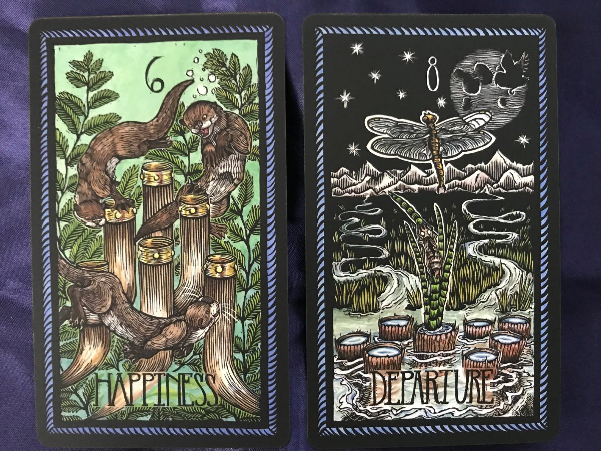 vulprix Posted June 13, 2021 Posted June 13, 2021 Thank you, @Bodhiseed 🌟 Joan Sutherland's words are fitting accompaniment. Today's draw is really continuing in the current theme--6 of Horns, Happiness and 8 of Horns, Departure. I have to share pictures again because the otters are so dang cute, and I also love every card which depicts a black night sky like in the 8.
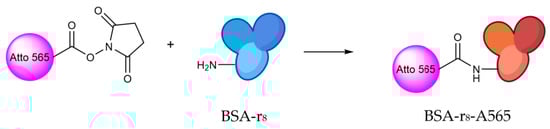 Fluorescent labeling of BSA was conducted as represented in Scheme 2. To 10 mg of BSA-r8 of the previous step, 10.7 µL of a 10 mg/mL solution of Atto 565 NHS ester was added and allowed to react for 1 h. The final product (BSA-r8-A565) was purified with a P10 G25 desalting column and characterized by UV-Vis spectroscopy.
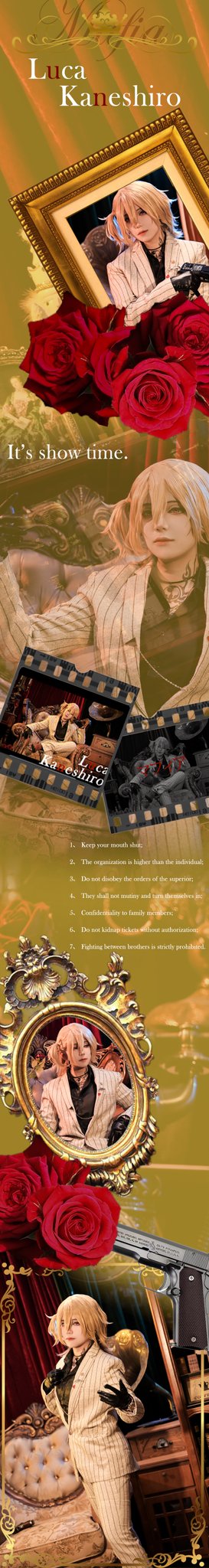 “全て手に入れるのは,全て捨てた奴だけ。 能够将一切掠夺占为己有的,便是曾舍弃一切的家伙。 結局弾丸一発で,分からせてやるしかないだけ。 结果仍需一发子弹,才可以让他们彻底明白这样的道理。” 出镜:原po君贤 摄影:ET 棚子:兔喵 后期:君贤 #drawluca #LucaKaneshiro #nijisanjicosplay
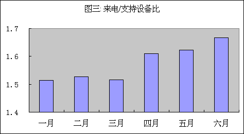 圖一到圖三中我們可以看到來(lái)電總量從一季到下一季度增加了15%。從前一季度開始到后一季度結(jié)束設(shè)備總量增加了8%。每月平均來(lái)話/設(shè)備比在六個(gè)月中從1.5增強(qiáng)到1.7。
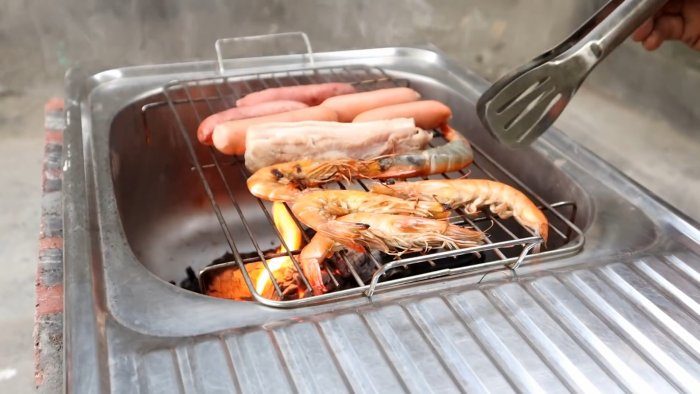 На раковину ставим решетку и жарим любое блюдо, которое готовится на открытом огне.
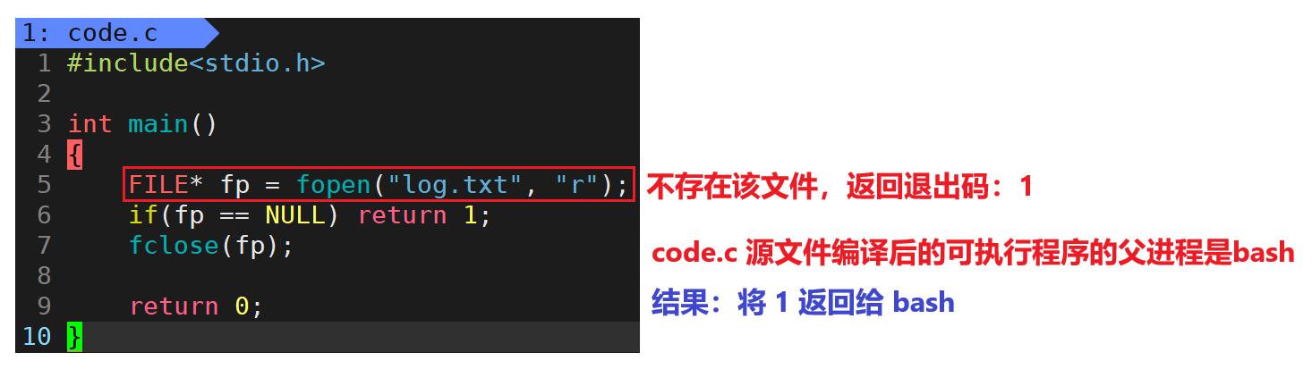 - 任何地方调用exit,表示进程结束,将函数中的退出码返回给父进程。

What is needed.
The pictures alone are to be left out when the data above is copied; all else must match exactly.

Exercise solution.
 vulprix Posted June 13, 2021 Posted June 13, 2021 Thank you, @Bodhiseed 🌟 Joan Sutherland's words are fitting accompaniment. Today's draw is really continuing in the current theme--6 of Horns, Happiness and 8 of Horns, Departure. I have to share pictures again because the otters are so dang cute, and I also love every card which depicts a black night sky like in the 8.
 Fluorescent labeling of BSA was conducted as represented in Scheme 2. To 10 mg of BSA-r8 of the previous step, 10.7 µL of a 10 mg/mL solution of Atto 565 NHS ester was added and allowed to react for 1 h. The final product (BSA-r8-A565) was purified with a P10 G25 desalting column and characterized by UV-Vis spectroscopy.
 “全て手に入れるのは,全て捨てた奴だけ。 能够将一切掠夺占为己有的,便是曾舍弃一切的家伙。 結局弾丸一発で,分からせてやるしかないだけ。 结果仍需一发子弹,才可以让他们彻底明白这样的道理。” 出镜:原po君贤 摄影:ET 棚子:兔喵 后期:君贤 #drawluca #LucaKaneshiro #nijisanjicosplay
 圖一到圖三中我們可以看到來(lái)電總量從一季到下一季度增加了15%。從前一季度開始到后一季度結(jié)束設(shè)備總量增加了8%。每月平均來(lái)話/設(shè)備比在六個(gè)月中從1.5增強(qiáng)到1.7。
 На раковину ставим решетку и жарим любое блюдо, которое готовится на открытом огне.
 - 任何地方调用exit,表示进程结束,将函数中的退出码返回给父进程。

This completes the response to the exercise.